Bulk-seed 1000+ records idempotently across five tables (products, accounts, transactions, conversations, messages) by creating a fresh async service per parent entity, committing per parent, and finally emitting a variance table that contrasts expected vs actual counts so partial failures are obvious at a glance.

Project Context

In full_project_context_updated.txt -> app/seed_database.py, products are committed one-at-a-time because accounts need their FK to resolve. Accounts commit per customer so one customer crash does not abort the rest of the batch. Transactions commit per account for the same reason.

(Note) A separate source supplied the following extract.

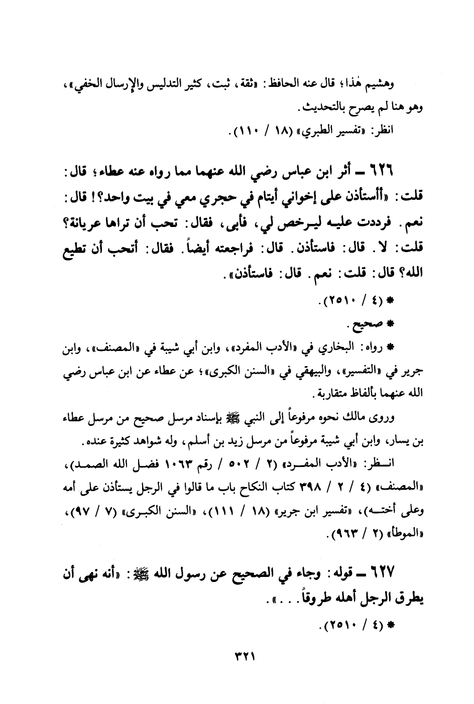 626 - أثر ابن عباس رضي الله عنهما مما رواه عنه عطاء؛ قال: قلت: ((أأستأذن على إخواني أيتام في حجري معي في بيت واحد؟! قال: نعم. فرددت عليه ليرخص لي، فأبى، فقال: تحب أن تراها عريانة؟ قلت: لا. قال: فاستأذن. قال: فراجعته أيضاً. فقال: أتحب أن تطيع الله؟ قال: قلت: نعم. قال: فاستأذن)) ..

The expected-vs-actual report at the end tells the operator that, e.g., 94 of 100 customers succeeded and 6 failed silently — far better than seeing a single generic success line over a half-empty database.

How

Per-parent commit, fresh service per loop iteration


async def seed_products() -> list[int]:
    product_ids, products_failed = [], 0
    for data in SAMPLE_PRODUCTS:
        async with ProductService() as service:
            try:
                product = await service.repo.create(data)
                await service.commit()  # commit each product individually
                product_ids.append(product.id)
            except Exception as e:
                products_failed += 1
                try:
                    await service.rollback()
                except Exception:
                    pass
                logger.warning(f"Skipped product {data.get('name')}: {str(e)[:200]}")
    return product_ids
 
 
async def seed_accounts(customer_ids, product_ids):
    for idx, customer_id in enumerate(customer_ids):
        async with AccountService() as service:
            num_accounts = 2 + (idx % 2)  # 2 or 3 accounts per customer
            for j in range(num_accounts):
                try:
                    account_data = {
                        "account_number": f"ACC{customer_id}{j:02d}",
                        "customer_id": customer_id,
                        "product_id": product_ids[j % len(product_ids)],
                        ...
                    }
                    account = await service.repo.create(account_data)
                    account_ids.append(account.id)
                except Exception:
                    accounts_failed += 1
                    continue
            await service.commit()
    return account_ids

async with per parent entity guarantees the session closes on partial failure, freeing the connection back to the pool.
service.commit() after the parent group’s create calls groups inserts into one transaction per parent. If the parent succeeds but a child fails, only the child is rolled back; the parent stays.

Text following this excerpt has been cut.